How we train genomic foundation models on plant sequences.
A methodological overview of our data curation pipeline, tokenization strategy, pre-training objectives, and how we validate predictions against independent phenotype sets.
Four steps from raw sequence to validated model
Data collection and curation
We aggregate plant genomic sequences from Ensembl Plants, NCBI SRA, GRIN, Sol Genomics Network, and LegumeInfo. Each sequence passes a 5-stage quality filter: completeness check, contamination screen, assembly-level scoring, duplicate detection (MinHash), and cultivar-label verification against reference accession records. Sequences failing any stage are discarded. This pipeline runs before every training iteration — the corpus is a living artefact, not a one-time snapshot.
Tokenization
We use a hybrid k-mer vocabulary (k=6 base + k=8 extended) built from a representative subsample of the training corpus, stratified by species and repeat density. BPE-derived vocabularies designed for protein or NLP over-merge repetitive regions — a serious problem in plant genomics where transposable elements and tandem repeats constitute up to 80% of some genomes. Our tokenizer preserves these regions as distinct tokens rather than compressing them into a single UNK-equivalent.
Pre-training
Two pre-training objectives run jointly. Masked sequence modeling (15% of tokens masked, uniform and span-based) teaches local variant context. Next-region prediction (predict the token distribution of a downstream genomic window given an upstream window) encodes long-range genomic structure across introns, promoter regions, and regulatory elements. Training batches are assembled to ensure each gradient step includes sequences from at least 8 species — preventing the model from over-fitting to the most data-rich crops.
Validation against independent phenotype records
Model quality is not measured by training loss. We hold out a 10% split of the phenotype records from GRIN and SeedNet, then compute Pearson r² between our embedding-derived predictions and measured trait values. Current reported figures are internal benchmarks only — not peer-reviewed. We publish these results openly because we believe transparency before peer review builds more trust than releasing only after journal acceptance.
Performance versus baseline methods
Internal benchmark only — not peer-reviewed. Results on held-out GRIN + SeedNet phenotype records.

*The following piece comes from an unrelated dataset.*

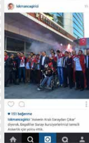
Bağcılar Belediye Başkanı Lokman Çağırıcı

| Trait | Our model r² | GWAS-only r² | gBLUP r² | Species tested |
|---|---|---|---|---|
| Drought Tolerance Index | 0.847 | 0.61 | 0.73 | Maize (12,000 acc.) |
| Yield Stability Score | 0.791 | 0.54 | 0.68 | Wheat (8,400 acc.) |
| Disease Resistance — Fusarium | 0.812 | 0.58 | 0.71 | Tomato (3,200 acc.) |
| Flowering Time Variance | 0.883 | 0.72 | 0.81 | Soybean (6,100 acc.) |
r² = Pearson correlation coefficient squared. gBLUP = genomic Best Linear Unbiased Prediction (standard genomic selection baseline). Results represent means across 5-fold cross-validation. Full methodology and raw results available on request.
What the model does and doesn't know
We enumerate known model boundaries because a prediction without declared scope is not a prediction — it is guesswork. Three limitations are material enough to communicate before you build a pipeline on our API.

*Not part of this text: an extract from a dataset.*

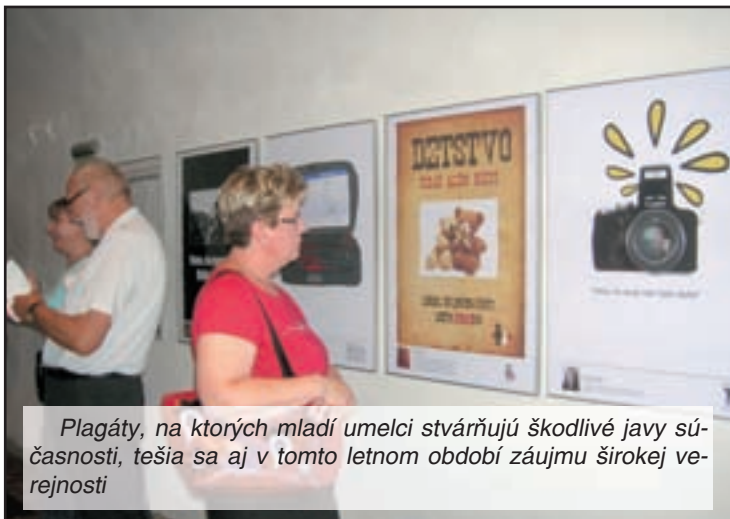
Plagáty, na ktorých mladí umelci stvárňujú škodlivé javy súčasnosti, tešia sa aj v tomto letnom období záujmu širokej verejnosti

za zdravý vývoj svojho dieťaťa – a to aj v súvislostiach, ktoré vo svojich prácach stvárňujú 17 a

Variants with population frequency below ~2% are statistically sparse in our training corpus. For breeding programs working with landrace accessions or wild-relative introgressions, prediction confidence intervals will be wider and should be interpreted with caution. We flag this automatically in API responses via the rare_allele_proportion field.

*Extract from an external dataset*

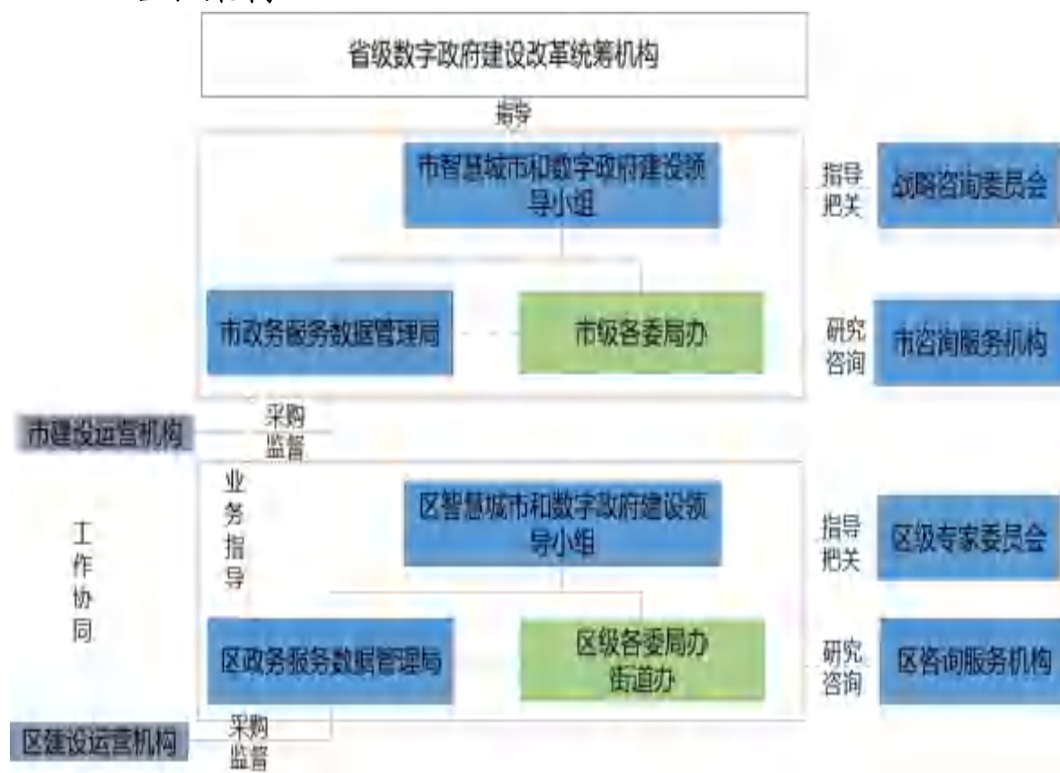
图 1 组织架构

统一领导。 市智慧城市和数字政府建设领导小组负责宏观指导、统筹规划、跨部门协调和工作部署，对相关重大事项进行决

Our current model was primarily pre-trained on inbred lines and reference-quality accessions. Highly heterozygous materials (autotetraploid potato, some sugarcane accessions) have lower prediction r² — typically 0.1-0.15 below values reported for diploid crops. We are actively developing a heterozygote-aware encoding layer for a future model version.
Formal validation exists for wheat, maize, tomato, soybean, sorghum, barley, pepper, and rice. Predictions for other crops rely on transfer from related species and should be treated as exploratory until independent validation is completed. The API returns a validation_tier field (A/B/C) indicating validation depth for each prediction.
How we share our work before peer review
We publish before peer review
Architecture notes, validation benchmark results, and training data documentation are posted to bioRxiv before journal submission. Genomics researchers evaluating tools for production pipelines should not have to wait 12–18 months for a journal to confirm what the pre-print already shows.
Our evaluation set is public
The held-out phenotype evaluation set used for all validation benchmarks reported on this site is available under CC BY 4.0 on our Research page. Other groups can run any method — GWAS-only, gBLUP, or their own models — against the same test set and report directly comparable r² values.
We co-develop with university labs
University genomics labs contribute phenotype records and sequenced accessions; we provide pre-training compute and model access. Co-authored pre-prints result from successful collaborations. See the Research page for current collaboration proposals.